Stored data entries
──────

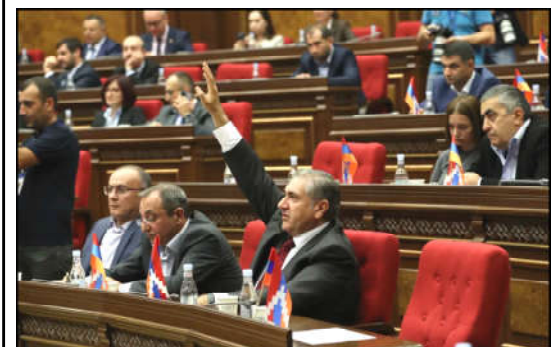
Armenian lawmakers attend the session of the National Assembly of the Republic of Armenia in Yerevan.

"At present, we have not left the regime of abandoning nuclear tests," Kremlin spokesman Dmitry Peskov told reporters. "I don't think such discussions are possible now from an official point of view," Peskov said, adding that Simonyan's words did not "always" reflect Moscow's official position.
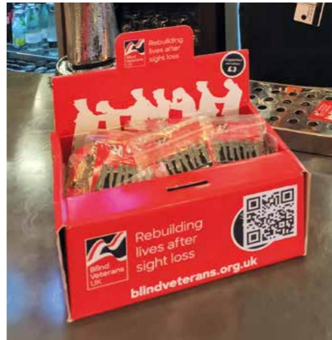
Caption: Order your pin badges

Help spread the word about our amazing charity by placing a box of 'Victory Over Blindness' badges in your
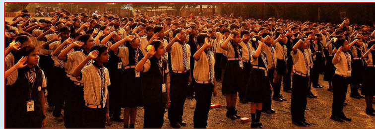
Our Boarding Children in Yernagudem Mission, Andhra Pradesh, India
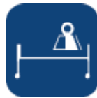
Max. user weight ▼
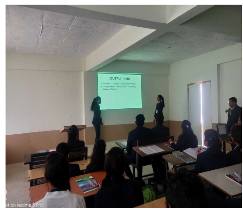
PPT Presentation Competition
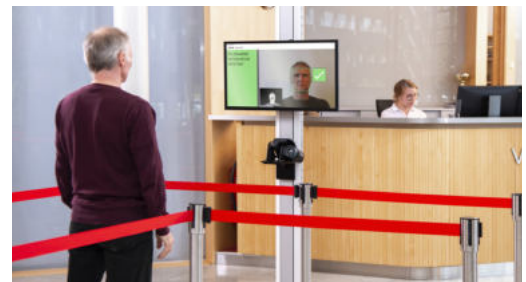
FLIR EST™ Desktop Software

FLIR Screen-EST™ Desktop is a computer screening software for FLIR T-Series, Exx-Series, and Axxx-Series thermal imaging cameras. The software deploys automatic measurement tools, like face detection and automatic average sampling, that shorten screening times of individuals to two seconds. Fast screening performance make FLIR Screen-EST Desktop the preferred solution for screening application at entries, checkpoints, and other high-traffic areas while maintaining recommended social distancing guidelines.
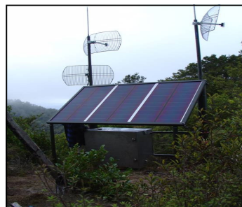
Solar Tower @ Tawhiuau beams wireless broadband to Te Urewera.

develop the Tuhoe.com wireless network and last year TEA secured funding to help provide service to all 14 Tuhoe kura over time.
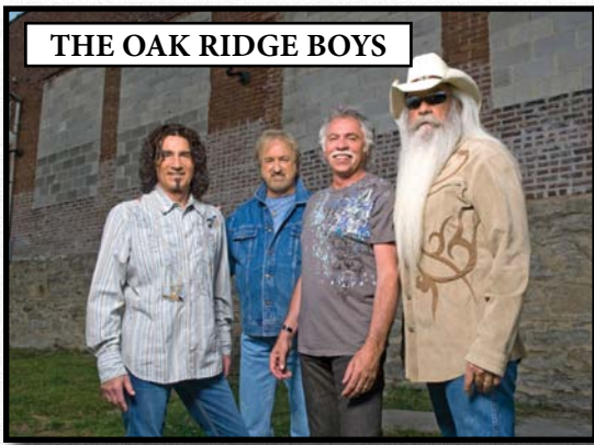
THE OAK RIDGE BOYS

physical performance art. Featuring spectacular backdrops, beautiful costuming, and state-of-the-art lighting this show is a thrill a minute! The show combines extraordinary and inventive feats of strength and skill, control and balance.
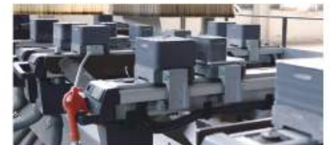
Italy Biesse CNC machining center skip100

It can realize the functions of automatic belt changing, infrared plate heating, gluing, edge sealing, head trimming, broken wire, polishing and so on. The latest spraying device is adopted to ensure that the plate is intact.
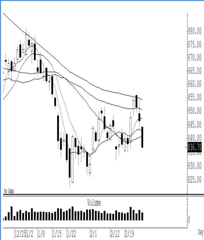
S50H24 (Close 836.70 Chg -9.70)

──────

Task description: Set down the data above word for word, leaving every picture out.

Reply to the exercise:
Armenian lawmakers attend the session of the National Assembly of the Republic of Armenia in Yerevan.

"At present, we have not left the regime of abandoning nuclear tests," Kremlin spokesman Dmitry Peskov told reporters. "I don't think such discussions are possible now from an official point of view," Peskov said, adding that Simonyan's words did not "always" reflect Moscow's official position.
Caption: Order your pin badges

Help spread the word about our amazing charity by placing a box of 'Victory Over Blindness' badges in your
Our Boarding Children in Yernagudem Mission, Andhra Pradesh, India
Max. user weight ▼
PPT Presentation Competition
FLIR EST™ Desktop Software

FLIR Screen-EST™ Desktop is a computer screening software for FLIR T-Series, Exx-Series, and Axxx-Series thermal imaging cameras. The software deploys automatic measurement tools, like face detection and automatic average sampling, that shorten screening times of individuals to two seconds. Fast screening performance make FLIR Screen-EST Desktop the preferred solution for screening application at entries, checkpoints, and other high-traffic areas while maintaining recommended social distancing guidelines.
Solar Tower @ Tawhiuau beams wireless broadband to Te Urewera.

develop the Tuhoe.com wireless network and last year TEA secured funding to help provide service to all 14 Tuhoe kura over time.
THE OAK RIDGE BOYS

physical performance art. Featuring spectacular backdrops, beautiful costuming, and state-of-the-art lighting this show is a thrill a minute! The show combines extraordinary and inventive feats of strength and skill, control and balance.
Italy Biesse CNC machining center skip100

It can realize the functions of automatic belt changing, infrared plate heating, gluing, edge sealing, head trimming, broken wire, polishing and so on. The latest spraying device is adopted to ensure that the plate is intact.
S50H24 (Close 836.70 Chg -9.70)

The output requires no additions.